Consider the last five years of the Gas data from aus_production.

gas <- tail(aus_production, 5*4) |> select(Gas)
  1. Plot the time series. Can you identify seasonal fluctuations and/or a trend-cycle?

  2. Use classical_decomposition with type=multiplicative to calculate the trend-cycle and seasonal indices.

  3. Do the results support the graphical interpretation from part a?

  4. Compute and plot the seasonally adjusted data.

  5. Change one observation to be an outlier (e.g., add 300 to one observation), and recompute the seasonally adjusted data. What is the effect of the outlier?

  6. Does it make any difference if the outlier is near the end rather than in the middle of the time series?

    Answer

    • For question 1, an increasing trend that increases at the beginning of the year, then decreases at the middle to end of the year.

    • For question 3, the results do support the graphical interpretation from part a, because the trend is increasing, and seasonality has the up and down similar to the first graph.

    • For question 5, there was a change in the overall data when applying the change to the outlier, the flow seems to have change, from up to down.

    • I don’t see much difference, seems to be showing the overall trend.

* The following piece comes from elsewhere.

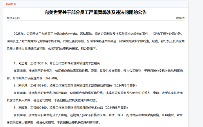 公告提到,2025年完美世界查处了多起员工与供应商内外勾结、营私舞弊、损害公司利益的案件,公告发布后陆续收到多条新的举报线索。经进一步核查确认,部分员工及供应商负责人的行为已涉嫌违法犯罪。

gas <- tail(aus_production, 5*4) |> select(Gas)

autoplot(gas, Gas)

clas_decom <- gas |>
  model(classical_decomposition(Gas, type = "multiplicative")) 

components(clas_decom) |>
  autoplot() 
## Warning: Removed 2 rows containing missing values or values outside the scale range
## (`geom_line()`).

components(clas_decom) |>
  as_tsibble() |>
  autoplot(Gas) +
  geom_line(aes(y=season_adjust))

gas |>
  mutate(Gas = ifelse(Quarter == yearquarter("2008Q1"), Gas + 300, Gas)) |>
  model(classical_decomposition(Gas, type = "multiplicative")) |>
  components() |> #extracting decomposed components(trend, seasonal, remainder)
  as_tsibble() |>
  autoplot(Gas) +
  geom_line(aes(y=season_adjust))

gas |>
  mutate(Gas = ifelse(Quarter == yearquarter("2010Q1"), Gas + 300, Gas)) |>
  model(classical_decomposition(Gas, type = "multiplicative")) |>
  components() |>
  as_tsibble() |>
  autoplot(Gas) +
  geom_line(aes(y=season_adjust))

3.8

Recall your retail time series data (from Exercise 7 in Section 2.10). Decompose the series using X-11. Does it reveal any outliers, or unusual features that you had not noticed previously?

Answer:

This doesn’t seem to reveal much outlier, it also captures the irregular, which is interesting to see more noises in the graph.

library(seasonal)
## 
## Attaching package: 'seasonal'
## The following object is masked from 'package:tibble':
## 
##     view
x_11 <- seed |>
  model(x11 = X_13ARIMA_SEATS(Turnover ~ x11())) |>
  components()

autoplot(x_11) 

3.9

  1. Write about 3–5 sentences describing the results of the decomposition. Pay particular attention to the scales of the graphs in making your interpretation.

  2. Is the recession of 1991/1992 visible in the estimated components?

    Answer:

    1. The trend is increasing consistently in the number of the civilian labor force in Australia. The seasonal change overtime are consistent, but seems to have wider increase and decrease as year goes. The remainder seems to have a large dip around 1992, going to negative 400. That probably mean there were probably something big like the recession.
    2. It is quite visible in the remainder, is drop drastically around 1991/1992.